Withe nearly scored himself a few minutes later. Then Parkes made another great save from Woodcock.  The Rs fought back with Tommy Cunningham bringing out a save from Shilton and McGee fluffed a chance. Just before the break Robbo nearly scored and then Peter Withe missed a sitter. 1-0 at half time. The Reds had really stuffed it up the Rs in the first half.

In the second half a couple of bookings seemed to spur QPR back into contention. Ten minutes in, Stan Bowles equalised when he stole the ball of Frank Clark and slid the ball past Shilts from a tight angle.

Not again! We thought. But not for long.

Just one minute later, Forest grabbed the lead back. Burn to Woodcock and his shot flew past Parkes. 2-1.

With ten minutes to go, Frank Clark long pass to Withe was intercepted by Ron Abbot. He passed back to Parkes but wait - it got stuck in the mud and who gets there first but Tony Woodcock - round the keeper and into the net - 3-1!

The Rs were back to the wall now but fought back a little before the final whistle.

What a relief! The treble was still on.

Unbeaten Run Continues

This home win stretched our unbeaten run at the City Ground to 24 games...
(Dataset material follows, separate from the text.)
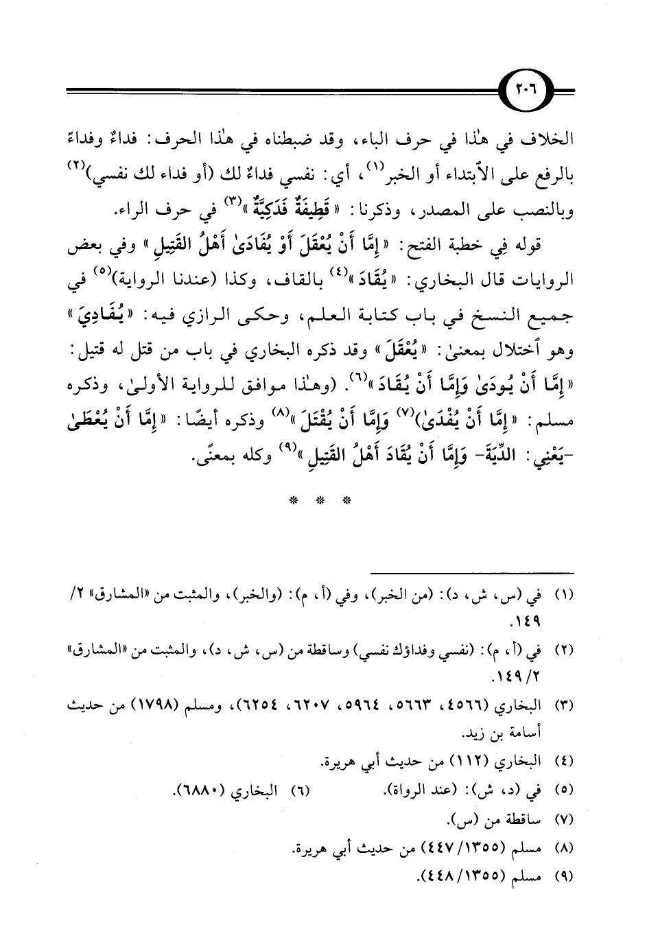 قوله في خطبة الفتح: "إِمَّا أَنْ يُعْقَلَ أَوْ يُفَادَى أَهْلُ القَتِيلِ" وفي بعض الروايات قال البخاري: "يُقَادَ" (¬4) بالقاف، وكذا (عندنا الرواية) (¬5) في جميع النسخ في باب كتابة العلم، وحكى الرازي فيه: "يُفَادِيَ" وهو اختلال بمعنى: "يُعْقَلَ" وقد ذكره البخاري في باب من قتل له قتيل: "إِمَّا أَنْ يُودَى وَإِمَّا أَنْ يُقَادَ" (¬6). (وهذا موافق للرواية الأولى، وذكره مسلم: "إِمَّا أَنْ يُفْدَى) (¬7) وَإِمَّا أَنْ يُقْتَلَ" (¬8) وذكره أيضًا: "إِمَّا أَنْ يُعْطَى - يَعْنِي: الدّيَةَ - وَإِمَّا أَنْ يُقَادَ أَهْلُ القَتِيلِ" (¬9) وكله بمعنى.

And our unbeaten run (home and away) in all competitions to 21...


The Quarter Finals Line Line Up

So, finally, the quarter finals line up was complete...

West Bromwich Albion v Nottingham Forest
Wrexham v Arsenal
Millwall v Ipswich Town
Middlesbrough v Orient

No rest for the wicked though. Two days later, Forest had another home fixture against relegation battlers West Ham United.